Different sectors of the progressive movement should support each other in solidarity even if they have tactical disagreements. These students were doing what they thought was right and trying to call attention to social injustice. In my opinion this column reeks of latte liberal elitism, factionalism, and sectarianism. The author's smug, self-righteous tone takes his argument well outside the boundaries of legitimate debate. I would recommend the author unplug from the internet and go out and try geting his hands dirty.
David Goodner
University of Iowa
david-goodner@uiowa.edu
As an NYU student I am ashamed that the supposedly liberal Huffington post would publish this. Dozens of fellow students just got suspended and thrown out of their housing because they had the guts to try to get us lower tuition and a more democratic say in our university. To nit-pick the demands or tactics is to completely miss the point. The administration has been taking our money without any accountability or openness. During the occupation they refused to negotiate at all. Finally they offered a negotiation, but detained the negotiators (who thought they were going to bargain in good faith) instead, and suspended them.

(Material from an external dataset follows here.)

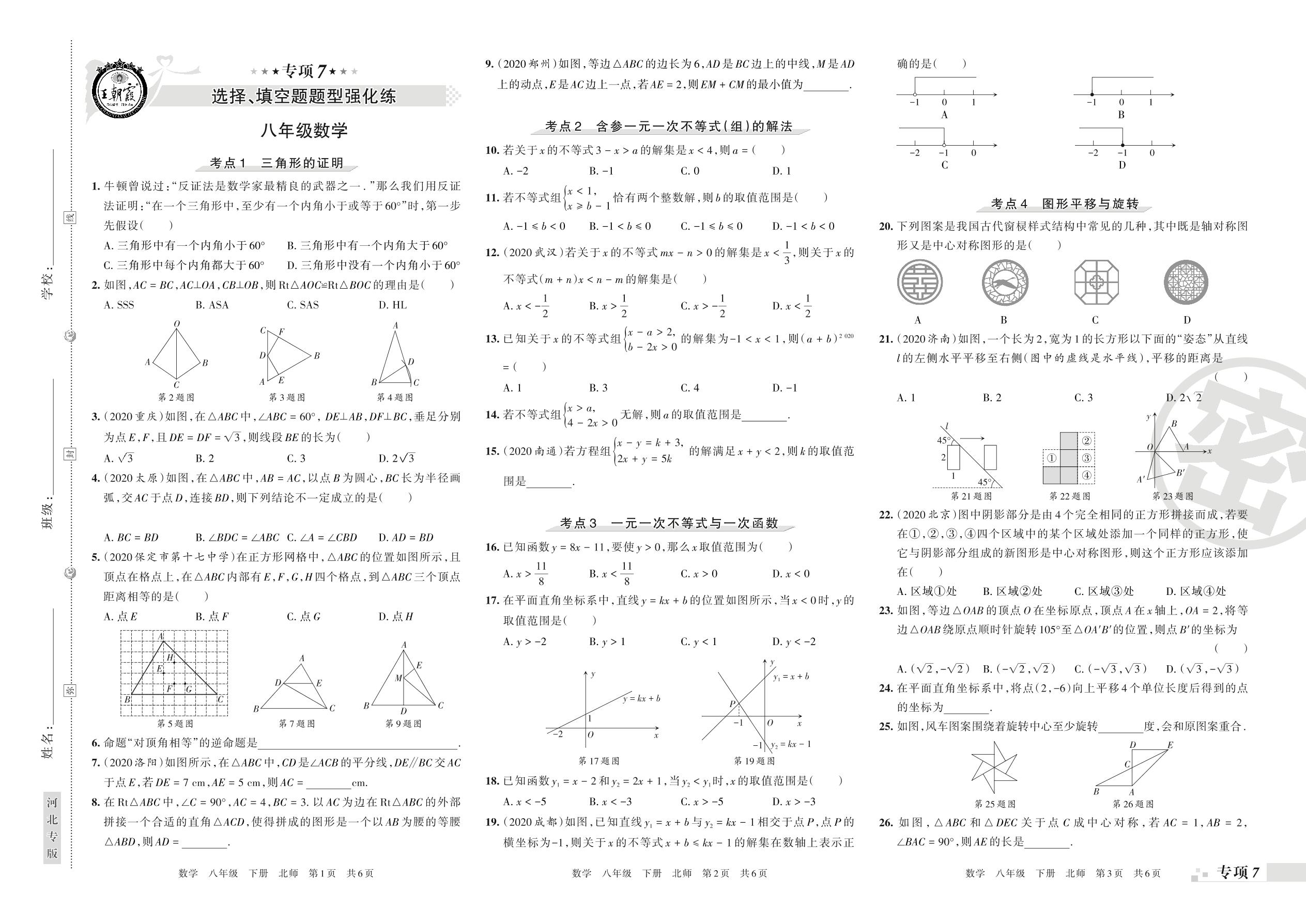 王朝霞期末专项卷——选择、填空题题型强化练八年级下册数学(北师版)【0】

This is not what an open university does. Nothing proves Take Back NYU’s critique better than how NYU responded to the occupation. They refused to actually talk to us, they lied to us, they hid behind the security guards, and they completely rejected legitimate critiques of out of control tuition or lack of democracy.
A word about our base of support. There were 300-400 people in the streets last night supporting TBNYU. There were 3 people counter-protesting TBNYU. In the absence of other evidence, it is completely dishonest to claim they lack support.
It says much about the writer that he immediately devoted all of his critical abilities at the students. He let the administration completely off the hook with his paean to conservative incrementalism.
Change is never made by people who want to compromise before the fight has even begun.
Hooray for you, peterw536! Good comment. The NYU demonstration was the first breath of fresh air after the long night of Bush.
Outstanding post.
It is very unfortunate that Take Back NYU will tarnish future activism that is much more legitimate. It would seem that with the twitter and blogs by these particular "activists" coupled with incoherent goals seems more like a bad (or should I say worse) form of reality television. Its almost as if they spent more time figuring out how to get in front of a camera than they did in formulating their goals.
In my personal opinion, this is more disruption than protest. If these students are to learn a lesson, they should be expelled at the very least, includ fined and prosecuted at best. They are throwing a tantrum, not a rally, not a protest. And they seemed to have disregarded real activisim in favor of 15 minutes of fame.
DIsruption is protest, however disorganized.
A small group of coddled upper middle class suburban brats take over a school cafeteria. The revolution won't spread very far if it can be accessed on Facebook and its shock troops spend their time "on the barricades" twittering with their MacBooks and trying to decide why they're sitting in a cafeteria when they could be in their dorm rooms hooking up.
What they're really protesting is their own irrelevance.